My Django project is going to be backed by a large database with several hundred thousand entries, and will need to support searching (I'll probably end up using djangosearch or a similar project.)
我的Django项目将由一个拥有几十万条目的大型数据库支持,并且需要支持搜索(我可能最终会使用djangosearch或类似的项目)。
Which database backend is best suited to my project and why?
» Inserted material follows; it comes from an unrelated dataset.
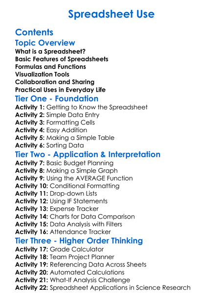 Spreadsheet Use Worksheet Activity Booklet

Can you recommend any good resources for further reading?
哪个数据库后端最适合我的项目,为什么?你能推荐一些好的参考资料来进一步阅读吗?
10 个解决方案
#1
40
As someone who recently switched a project from MySQL to Postgresql I don't regret the switch.
作为最近将一个项目从MySQL切换到Postgresql的人,我并不后悔这样做。
The main difference, from a Django point of view, is more rigorous constraint checking in Postgresql, which is a good thing, and also it's a bit more tedious to do manual schema changes (aka migrations).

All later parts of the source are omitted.